Ce dernier pousse volontairement le liseur à se demander si fermer le livre ne lui offrirait pas l'opportunité d'une échappatoire, d'une délivrance. Un instinct de protection face aux souffrances qui sont décrites sans fioritures, avec l'honnêteté de ceux qui les vivent.
L'héroïne entretient une relation fusionnelle, presque érotique, avec la langue, l'écriture; par la jouissance de leur possession elle guérirait et dépasserait sa haine. Cette haine qui réside au creux de questions simples "pourquoi?", "dans quel but?", questionnement omniprésent d'Irène face à ce qu'elle considère comme son handicape, son psoriasis. La littérature comme moyen de ne plus souffrir de la distance que ressent Irène par rapport à la société, par rapport au monde.
Une machine littéraire efficace accompagne le récit. le début de l'oeuvre est marqué par l'utilisation de phrases incisives, courtes, preuves qu'Irène est en train de constituer un discours, son discours mais qu'elle n'a pas encore reçu le don de parole. Les pensées du personnage s'allongent et se complexifient en parallèle à l'écriture de Lorette Nobécourt. C'est l'instant où Irène s'approprie le langage, où elle sort de sa condition de victime.

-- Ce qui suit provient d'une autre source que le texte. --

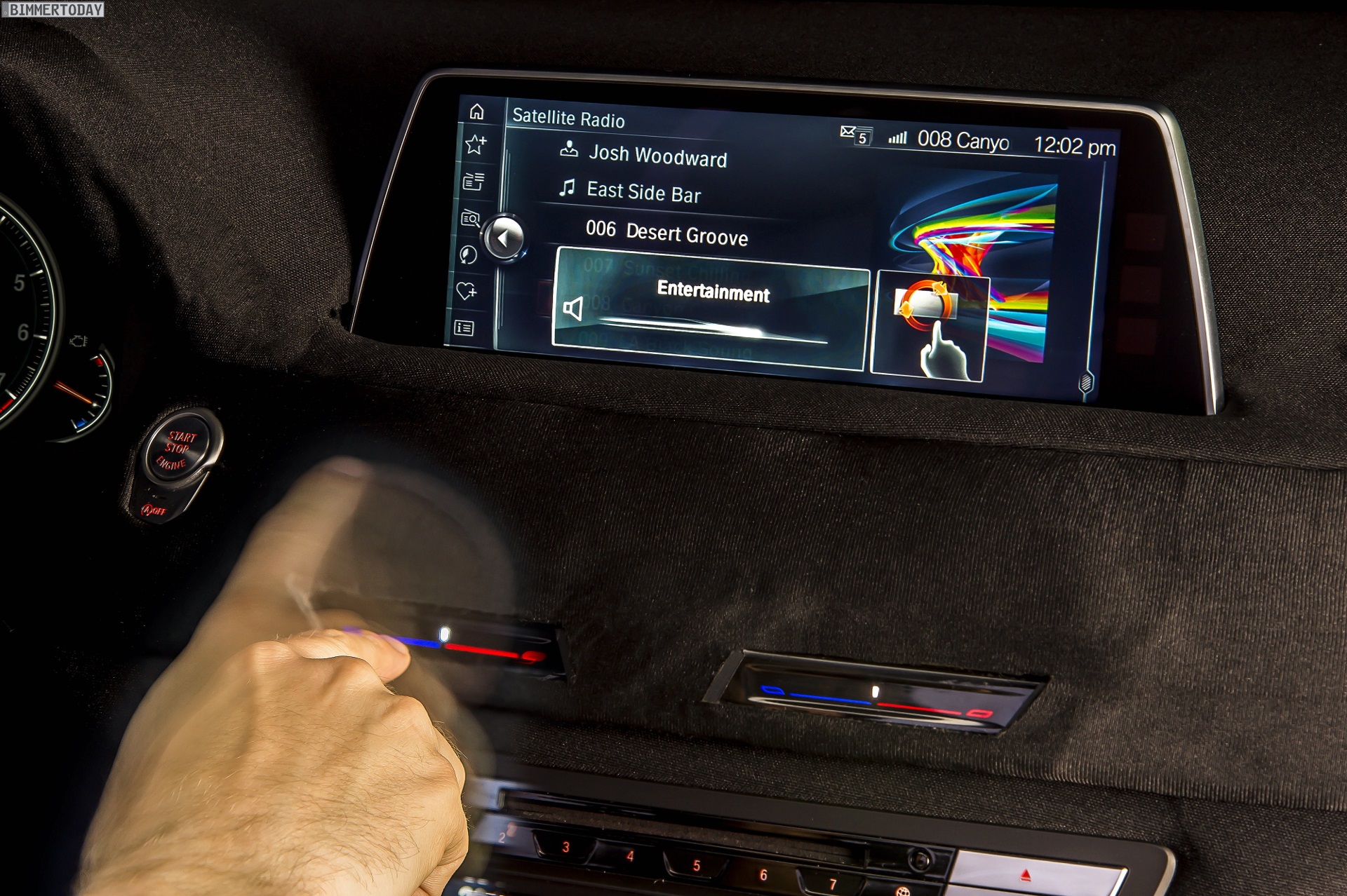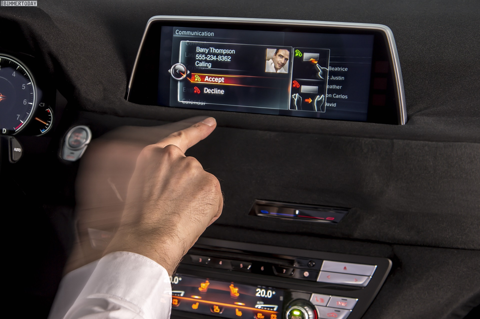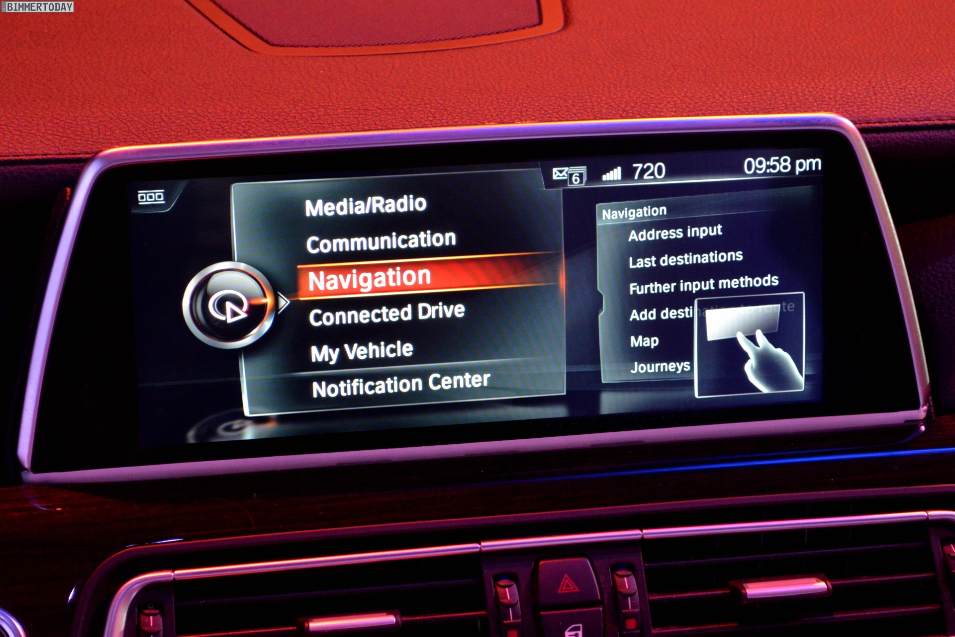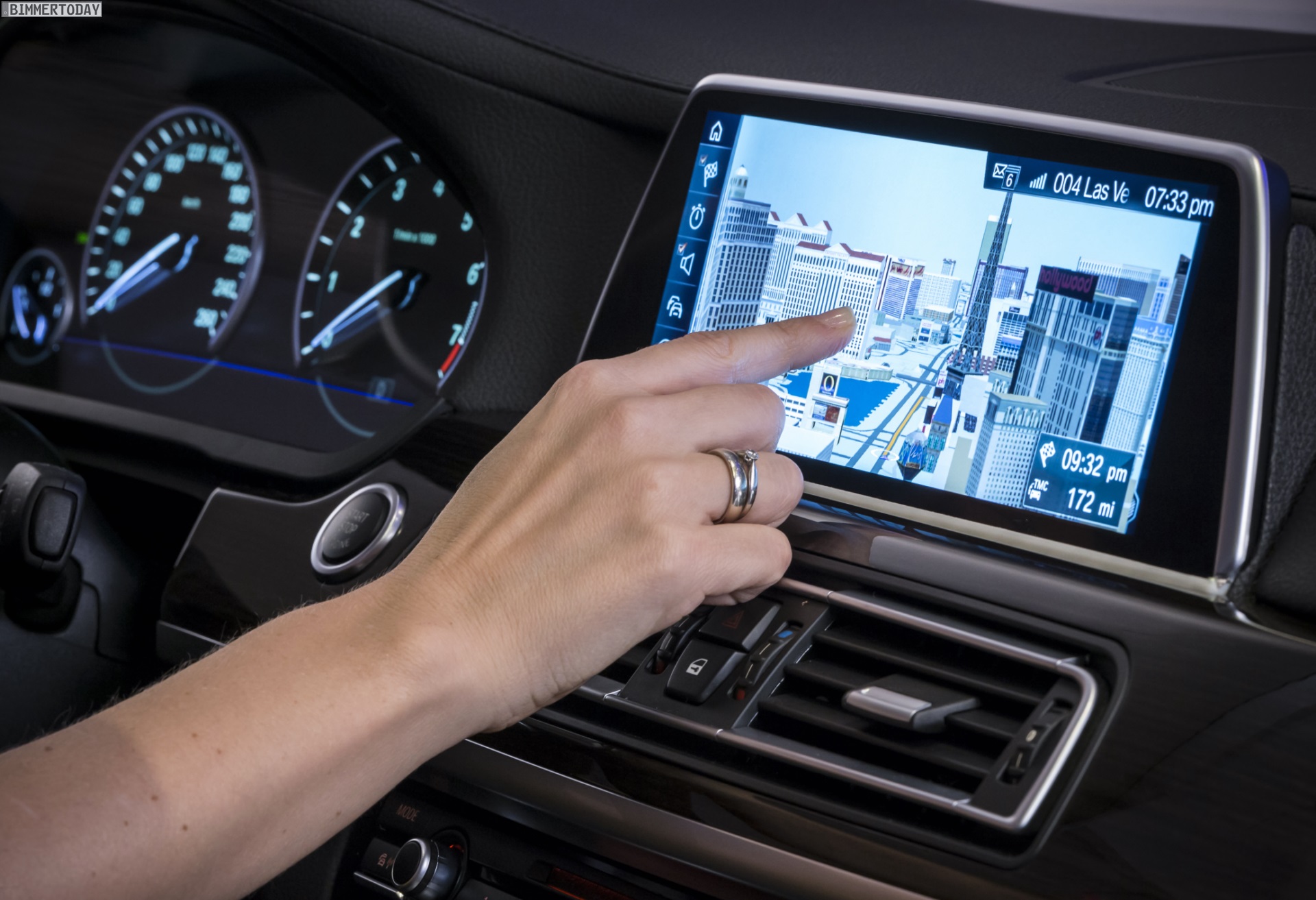 Unser Hands-Off-Video zeigt die neue BMW Gestiksteuerung in einem Cockpit-Mockup, das eine abgesteckte Version des neuen BMW iDrive-Systems mit dem Design des auslaufenden F01 kombiniert. Das zentrale Infotainment-Display ist dabei erstmals in einem BMW als Touchscreen ausgeführt und erlaubt nicht nur die gewohnte Steuerung per Sprache oder iDrive-Controller, sondern ermöglicht auch intuitive Berührungen des Bildschirms wie auf Smartphone oder Tablet.

Lorsque, par le fait d'un déplacement de culpabilité, Irène chute à nouveau, on assiste au retour de ces phrases à vif. La narratrice se détache du monde, elle rend la parole après avoir vécu une désillusion insupportable.
Un texte à vif, une littérature de l'urgence qui ne souffre d'aucun compromis. C'est l'aveu sincère et brutal d'un ressenti intolérable.
"Je suis désormais de toutes les histoires. Je suis dieu puisqu'il m'est égal qu'il y ait un dieu. Je suis tout le monde parce que je ne suis personne. Puisque je ne joue plus aucun rôle; puisque j'ai cessé d'avoir une idée quelconque de ce que je devais être".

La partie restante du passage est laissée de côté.